From the perspective of somebody who doesn’t know anything about the history of passenger railroading in America, it must seem strange that there is so little of it in the Midwest. The region is much like the heart of the European continent in quite a few measures: it’s a galaxy of small and midsize cities, anchored by a few larger metropolises, all close enough together to afford a vibrant intercity travel market.

Yet passenger service is wildly variant, between “nonexistent” and “inadequate”, throughout this region. This is, of course, a function of the history of passenger service in the region, particularly in the postwar era, and how its abandonment leads to a blindness to the fact that large chunks of the infrastructure remain. We can still see the many railroad stations, underutilized (Indianapolis, Pittsburgh, Cincinnati, Toledo) or abandoned (Detroit, Buffalo, Ft. Wayne) or repurposed (Cleveland, St. Louis), but only rarely demolished (Columbus), empty halls today that served, on average, about 5,000 passengers daily 60 years ago.

More can be done with this embodied infrastructure. More should be. We can see this simply by observing peer networks in Europe, in Japan, in Russia and Australia and China.
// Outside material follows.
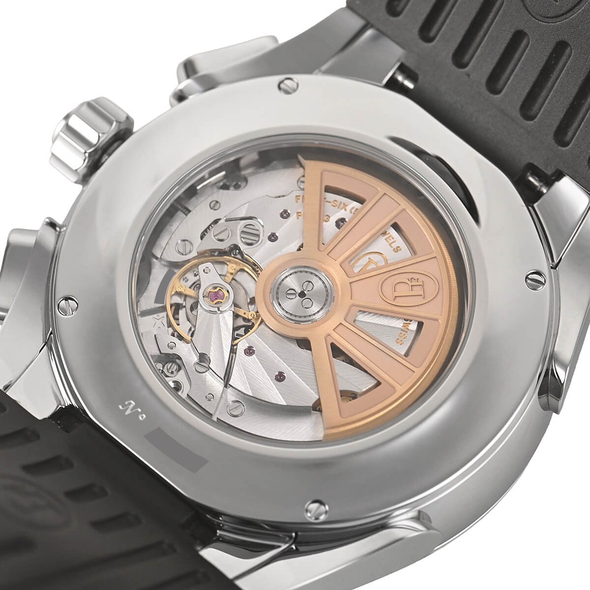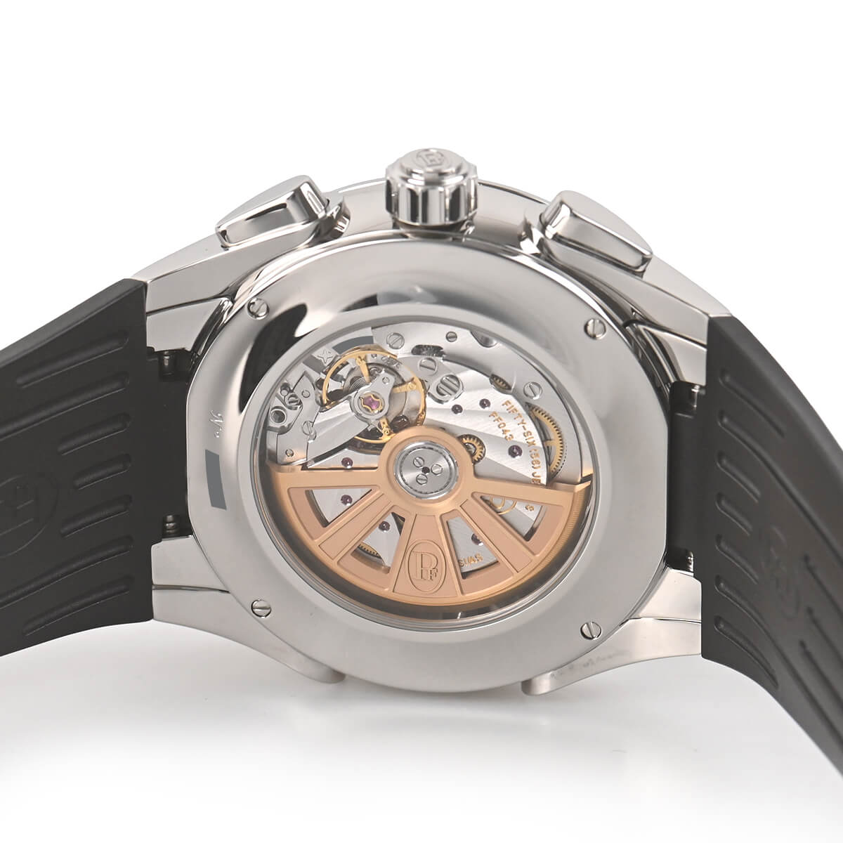 ムーブメントには複雑機構のアニュアルカレンダーとクロノグラフを搭載した45時間パワーリザーブ、自社製ムーブメントのPF043を搭載し、12時位置にビッグカレンダー表示、3時位置には月表示窓を配置します。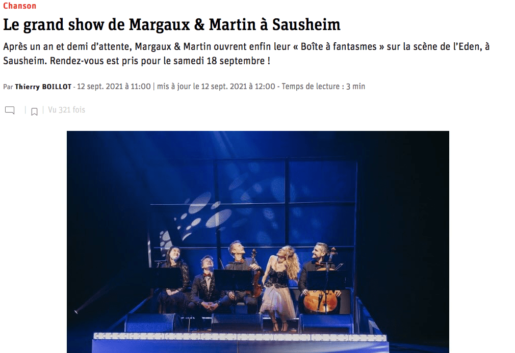 L‘Alsace, septembre 2021 – L’annonce de notre spectacle à l’Ed&n de Sausheim !

Indeed, with a proper investment program (as Michigan has already shown, with its investment in the Wolverine corridor), there is plenty of available infrastructure for more intensive passenger flows throughout the Midwest, without impinging on freight flows.

This map is representative of one possible service breakdown–in terms of city pairs linked and convenient transfers available–centered around Michigan, Indiana, and Ohio. Of what’s shown, three (WolverineBlue Water, and Hoosier) are currently available. Yet the infrastructure exists for much, much more.

Ohio is particularly bad in this regard. Passenger trains don’t pass through Ohio during the daytime (unless they’re horribly late); yet a dense web of corridors linking Cleveland, Columbus, Cincinnati, Detroit, Pittsburgh, Buffalo, and eventually Chicago existed historically and can still be developed today. It’s a question, as people like Cap’n Transit regularly say, of priorities and will.

But that is the heart of the problem, is it not? For every successful demonstration like the Wolverine, ten more corridors lie fallow, awaiting reactivation. It will take time, dedication, and patience, but in the long run, the Midwest can rebuild its rail network, and in so doing, offer an amenity that Northeasterners and Californians are–like Europeans, Chinese, and Japanese–so accustomed to that they don’t even notice is an amenity anymore.